Task instructions: Every line from the top of the records below through the one containing "영천시의회 이영기 총무위원장(시의원)과" must be copied exactly, and the pictures must not be.

Supplied data:

※ ※ ※

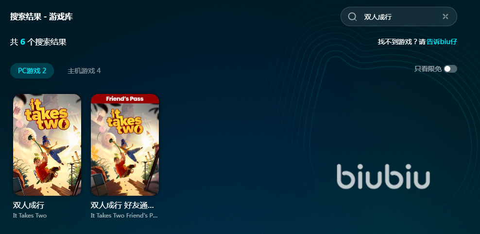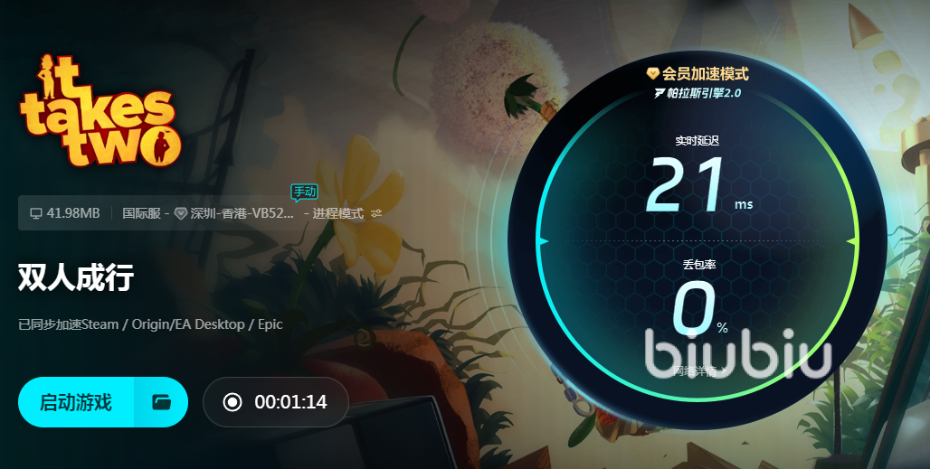 biubiu为用户准备了4款双人成行主机游戏限免加速,端游资源也是正规的可以放心用,一键启动以后系统自己分配节点,不管是玩哪个区服都能马上连接马上登录,而且进入游戏以后网速也是很稳定的,没有延迟更不会频繁卡顿。用户可以放心玩游戏,告别之前动不动就闪退的困扰,一口气通关不是梦想。
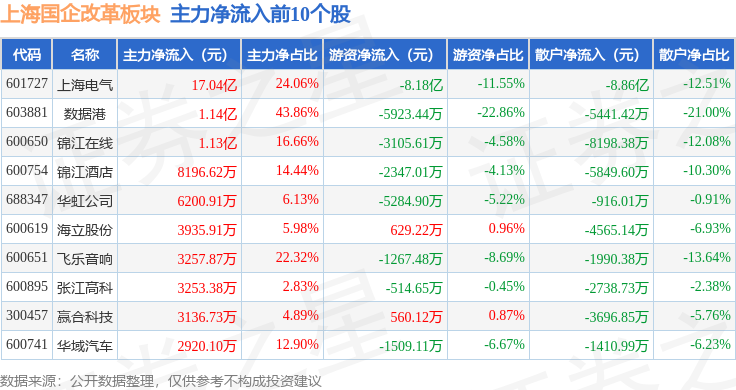 从资金流向上来看,当日上海国企改革板块主力资金净流入15.34亿元,游资资金净流出8.25亿元,散户资金净流出7.09亿元。上海国企改革板块个股资金流向见下表:
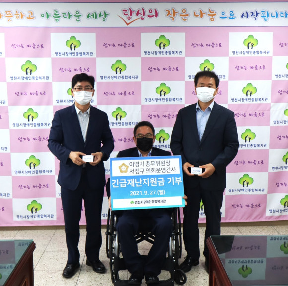 영천시의회 이영기 총무위원장(시의원)과 서정구 운영위원회 간사(시의원)는 9월 27일 영천시 장애인 종합복지관을 방문하고 정부에서 지급한 긴급재난지원금을 기부했다.
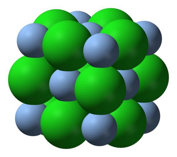 Keywords: Silver-chloride-3D-ionic.png Silver chloride Crystal structures of chlorides Strukturbericht B1 Rock salt unit cells
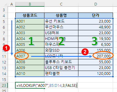 이렇게 하면 각각 "USB허브"와 "23,000"이라는 결과를 얻을 수 있어요. 또 다른 예시로, 제품 코드 "A007"에 대한 가격을 찾는 경우도 살펴볼게요.
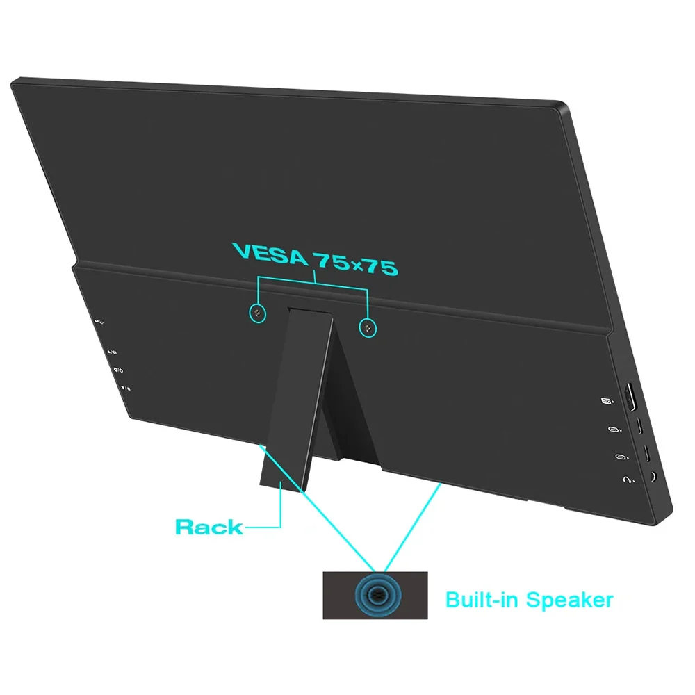 1. The portable monitor can be paired with 75x75mm VESA bracket, can be hung on the wall to save space,built-in speaker.

※ ※ ※

Solution to the problem:
 biubiu为用户准备了4款双人成行主机游戏限免加速,端游资源也是正规的可以放心用,一键启动以后系统自己分配节点,不管是玩哪个区服都能马上连接马上登录,而且进入游戏以后网速也是很稳定的,没有延迟更不会频繁卡顿。用户可以放心玩游戏,告别之前动不动就闪退的困扰,一口气通关不是梦想。
 从资金流向上来看,当日上海国企改革板块主力资金净流入15.34亿元,游资资金净流出8.25亿元,散户资金净流出7.09亿元。上海国企改革板块个股资金流向见下表:
 영천시의회 이영기 총무위원장(시의원)과 서정구 운영위원회 간사(시의원)는 9월 27일 영천시 장애인 종합복지관을 방문하고 정부에서 지급한 긴급재난지원금을 기부했다.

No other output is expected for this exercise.